Собирают в большой черный пакет весь мусор и снова выключают свет.
А через двенадцать часов ритуал повторяется. Только вместо овсянки гороховая каша. Даже не знал никогда о таком блюде. И в душе не ведал, что стану его есть. Нужно выжить и выбраться отсюда. Поэтому все средства хороши.
В первые дни я пытаюсь объяснить охранникам простые истины.
– Выпустите меня, и я вам заплачу за всех в этой камере!
Но крепкие вооруженные мужики смотрят на меня странно. Будто не понимают ни по-русски, ни по-английски.
– Они немые, – поясняет наш друг математик.
– Все до единого? – не верю я.
– Абсолютно.
Пытаюсь понять, кому и зачем выгодно мое отсутствие. Только мажорику, блин! И как я не учел всю опасность?
Из-за тревожных мыслей не могу спать.
Как там Люба? С ума сходит, наверное.
Ищут ли меня Марат с Суровым? И как отреагировала мать, когда я не доехал до Рината? А он сам о чем думает? Может, догадался?
«Мог, конечно, – пытаюсь рассуждать я логически. – Но только в том случае, если рядом со мной предатель. А таких в моем окружении нет».
– Давай споем, что ли? – предлагает наш случайный сосед Денису.

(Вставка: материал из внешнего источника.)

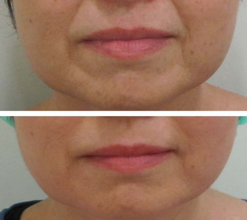 施術前/6ヵ月後・・・特に口周りで見比べると全体的にシワが浅くなっているのが分かります。

Они долго выбирают песню. А потом тянут хорошо поставленными голосами.
От мягких певучих баритонов на душе делается спокойно. И закрыв глаза, я снова мысленно возвращаюсь к Любе.
В тот самый первый месяц нашего романа я как дурак витаю в облаках. Целыми днями мечтаю о том, как, наконец, девчонка снова окажется в моей койке.
Дома на проспекте Гарибальди еще даже нет в проекте. И мне каждый раз приходится ломать голову, как встретиться с Любой.
Встречать ее после универа опасно. Моя морда известна каждому в городе. Меня вечно приглашают что-то открыть, побазарить у губернатора или выступить на форуме молодых предпринимателей. А еще я читаю курс на экономическом. Делюсь опытом, твою мать!
Поэтому на следующее утро, проснувшись в одной постели с Любой, я решаю увезти ее куда подальше. На те же Мальдивы, что ли?
Запереться вместе с ней в бунгало на каком-нибудь охраняемом острове и предаться разврату.
– У меня же пары, – вздыхает девчонка. – Ты же сам велел мне хорошо учиться!
– Полетели, маленькая, – со стоном прошу я. – А завалишь сессию, заплачу кому надо. Или давай справку купим. Типа болела долго…
– А что я скажу Альбине? – приводит последний довод Люба. Вижу, как ей хочется согласиться. Но воспитание не позволяет.
– При универе вроде был профилакторий. Сегодня нужно купить путевку, – чешу я затылок и добавляю с азартом. – А потом скажешь, что будешь жить еще с двумя девочками. Вскладчину нести затраты. А хату я тебе сам сниму.
– Какую? Где? – растерянно лепечет она.
– Какую пожелаешь, котенок! – фыркаю я, притягиваю девчонку к себе. И не могу сам на себя нарадоваться.
Как же вовремя я заехал за Любой!
Незаметно скрыться – особенно когда есть бабки – дело нехитрое.
Следующим утром после планерки я вылетаю в Москву в срочную командировку, а Люба после занятий несется следом. И когда я встречаю ее в Домодедово, радостно прыгает мне на шею.
– Ну, все, вырвались! – смеюсь я, обнимая девчонку обеими руками. Прижимаю к себе и даже представить не могу, как раньше жил без нее.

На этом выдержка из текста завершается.